Let's take McDonald's as an example. I've worked there as a crew member and,
many ironic decades later, currently assist some of their OEMs in the kitchen
equipment area.

McD has always been a JIT-based manufacturing/assembly company. And their
production window isn't a week or a day: it's 10 minutes. Back in the old days
when you walked in and there was a bin full of burgers, those were all made to
be sold or tossed after 10 minutes. How do you manage that without wasting a
single burger?

Managers would keep insanely detailed logs of sales by the hour or even half-
hour to try and assemble some kind of historical record that could be used to
anticipate future demand. They would even record the traffic level outside and
weather conditions. It worked pretty well, but one rogue schoolbus full of
hungry teens would blow that forecast out the window.

The newer systems try to smooth some of that out with heated holding cabinets
and faster toasters and et cetera, but there are some things you really can't
batch and hold for very long, like fries. Customer demand has also required
some of the batched systems go away, like the Quarter Pounders being grilled
as they are ordered.

So when a batch of fries takes 5 minutes to cook, and you know there's a wave
of people arriving, _any_ technique to help anticipate that and trigger a
production cycle sooner is ideal. It benefits producer and consumer alike.

Mobile ordering isn't a panacea, and in fact the current system isn't very
usable at all. But they're trying. And I do know second-hand that they're
aware of geofencing but there are complications to a system like that as well.

------
gurumeditations
Mobile ordering has never made sense.

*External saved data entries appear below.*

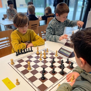 36 Kinder gingen am Sonntag, 15.3.2026 im Saal der Genossenschaft BSZ Schönau an den Start und viele der Neulinge zauberten dabei ihre ersten Turnierzüge auf das Brett oder bedienten gar zum ersten Mal eine Schachuhr. Die Stimmung war den ganzen Nachmittag positiv-aufgeregt und alle Teilnehmenden spielten äusserst fair. Hoher Besuch erlebte das Turnier durch die Person von Werner Hug, der mit seinem Enkel kiebitze. Dabei wurde er Zeuge eines studienhaften Patts. Überhaupt endeten viele Partien nach der Sonderregel „Dritter unmöglicher Zug verliert“. Schachlich drückten die Zwillinge Stefan und Andrei Serban vom SC Riesbach dem Turnier den Stempel auf und Stefan gelang das Kunststück, alle Partien für sich zu entscheiden. Der Réti-Schönau-Nachwuchs belegte die Plätze 11, 14, 15, 22, 24, 27, 28, 29, 30, 32, 33 und 35. Toll auch der Umstand, dass 5 junge Rétianerinnen an den Start gingen und den Jungs mit Bravour Paroli boten. Fazit: Ein gelungener Nachmittag mit grossem Erfahrungszuwachs und einigen spannenden Partien unter Gleichgesinnten.
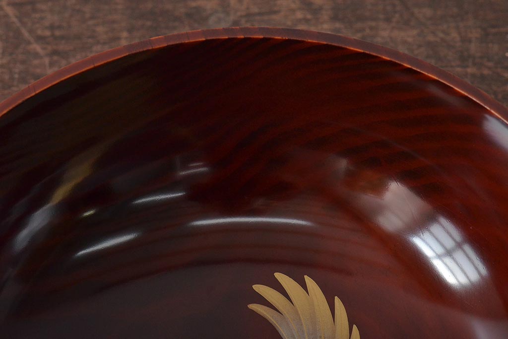 ラフジュ工房> 骨董・美術品> 骨董-漆器 > アンティーク雑貨 昭和初期 鶴蒔絵 木製菓子器(漆器)(R-043460)
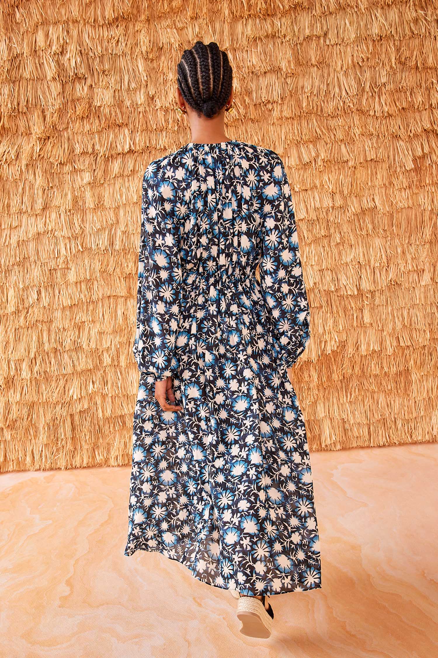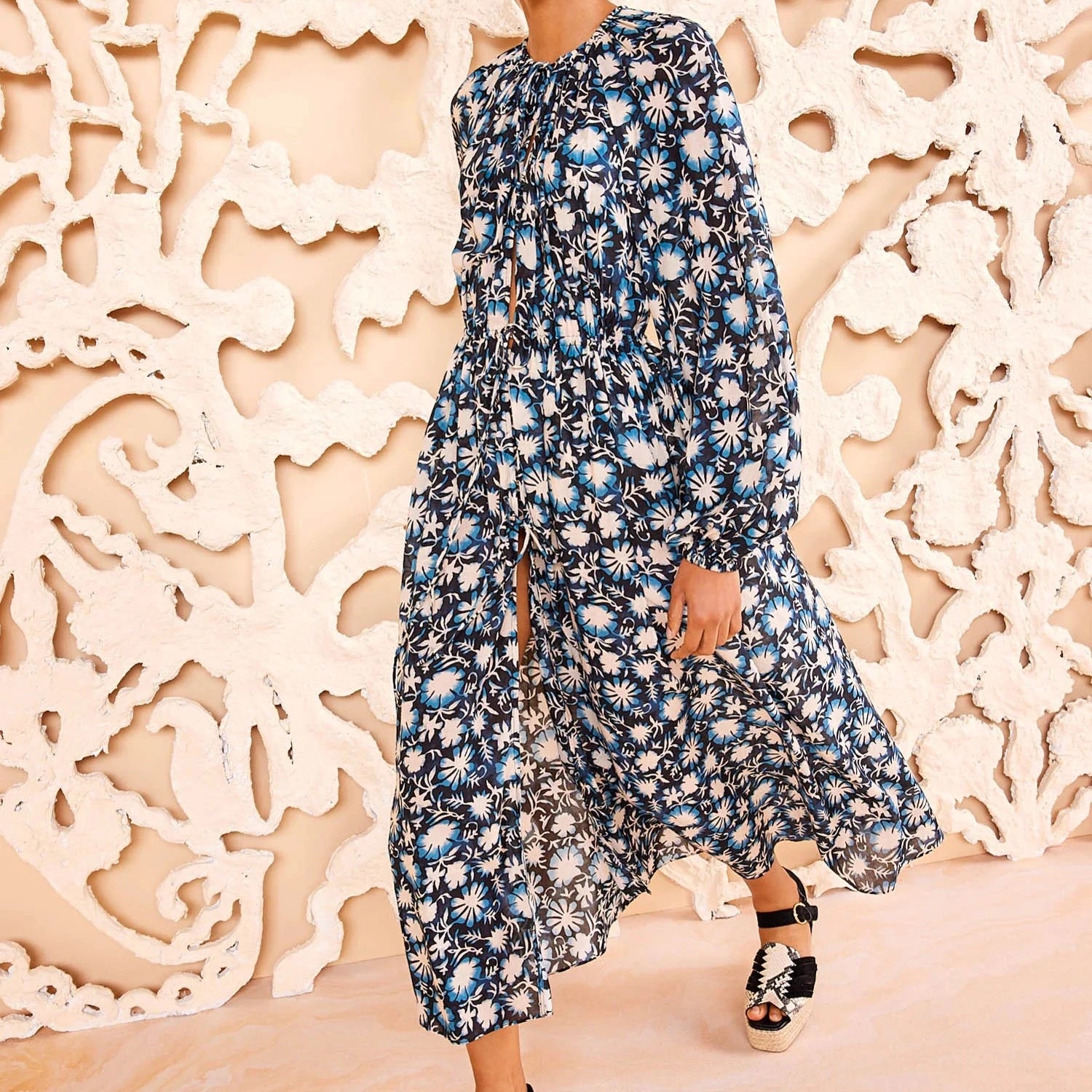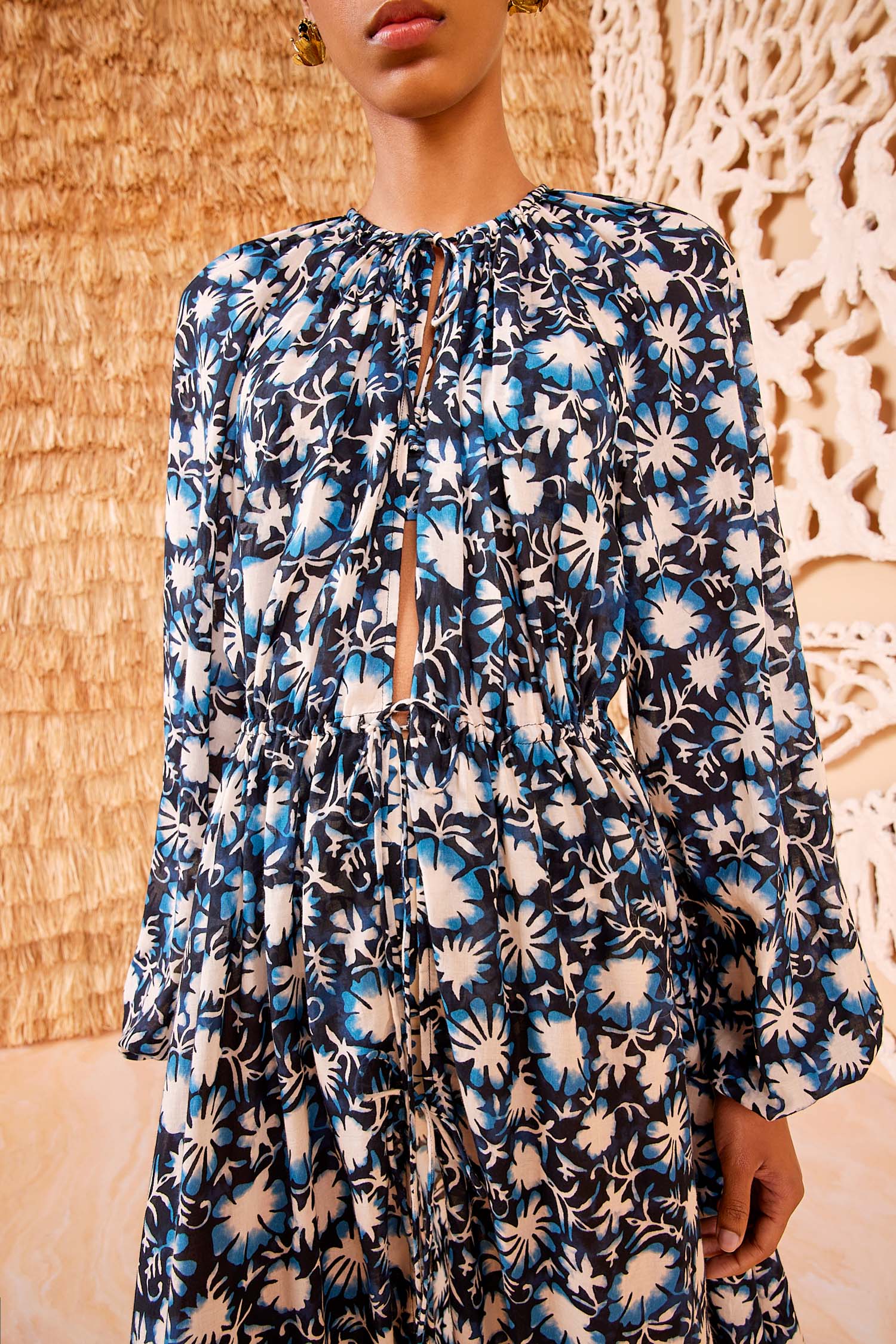 The Renata Coverup is a beautiful and versatile piece that can be styled with the ties either open or closed. Made from airy cotton, it showcases a vibrant Sunprint pattern in shades of blue and falls to a midi length.
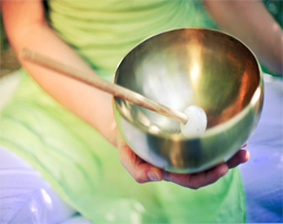 KlangwirkungsweiseVerschiedene Klanginstrumente versetzen den ganzen Körper durch die hörbaren und spürbaren Klangwellen in sanfte Schwingungen und lösen Verspannungen und Blockaden. Der Ton der Klangschale berührt unser Innerstes, er bringt die Seele zum Schwingen. Der Klang löst Spannungen, mobilisiert die Selbstheilungskräfte und setzt schöpferische Energie frei. Sie breiten sich besonders gut in Luft und Flüssigkeiten aus (unser Körper besteht aus ca. 70% Flüssigkeit). Dadurch hört und spürt man die entspannenden Klänge mit dem Körper. Es ist ein Klangergebnis, das schon seit ca.5000 Jahren für Heilzwecke in Indien und Asien eingesetzt wird. |
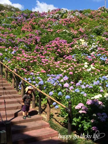 6月13日に、蒲郡市にある形原温泉の『あじさいの里』に行ってきました。 付き添いで行ったのに、予想以上のキレーさにテンションUP! アジサイって、いっぱいあると、こんなにキレーなんだ!って感動一眼をもって来なかったことを、すごい後悔してましたこんなに、キレーなのに、植え替えをしたので、植え替え前に比べると迫力がないらしい。前は、さらに「バーンッ」と迫力があったらしい。株が成長してきたら、どんだけキレーになるんだ!? 一眼で写真撮影している人もたくさんいましたよ。うらやまし~グルーっとまわるコースは、散歩にちょうどいいくらいで気持ちいい 途中、キレーな鯉がいました。近くのお店で、鯉のエサが100円で売ってました。近頃、グレーの鯉しか見てなかったので、ひさびさにキレーな鯉を見れて嬉しいやっぱ、鯉はこーじゃないと あじさいの里には、変わったアジサイもたくさんありました。アジサイ大好きなので、大興奮うちに欲しいよ~ お店でも、アジサイ売ってます。一番すきだったのは、『ダンスパーティ』というアジサイ。いろんな種類がありますが、私は、コースの途中にあるお店の、八重のタイプが好み実物は、写真よりも、くすんだ落ち着いた色で、すごいオシャレカワイイ花でした。値段が、もう少し安ければなぁ… 他にも、カワイイあじさいがたくさんあって、アジサイ好きの私には、欲しくてしょーがないのが、いくつもありました。やっぱ、アジサイはカワイイ 『あじさい祭り』とは…毎年6月での1ヶ月間、形原温泉・あじさいの里に植栽された、5万株のアジサイが咲き乱れる中で、あじさい祭りを開催いたします。夜間はライトアップされて、昼間とは違った風情でお楽しみできるとともに、運が良ければあじさいの里に住むゲンジボタルを見ることもできます。【期間】2014年6月1日~6月30日 8:00~21:30 HPはコチラですhttp://www.katahara-spa.jp/

It’s easier to just tell a person what
you want when you actually get to the drive-thru, not to mention fresher. You
don’t have to make an account or input payment information or download an app.
Just speak and then hand a small plastic rectangle to them.

This AI BS is just a scam designed to dupe clueless executives out of their
money. It’s just window dressing. The real problem? Constant delays in the
drive thru. People can order just fine already, what pisses them off is
sitting in the drive thru for 10 minutes waiting for “fast food”. Not to
mention the price increases and a lack of new novel menu items.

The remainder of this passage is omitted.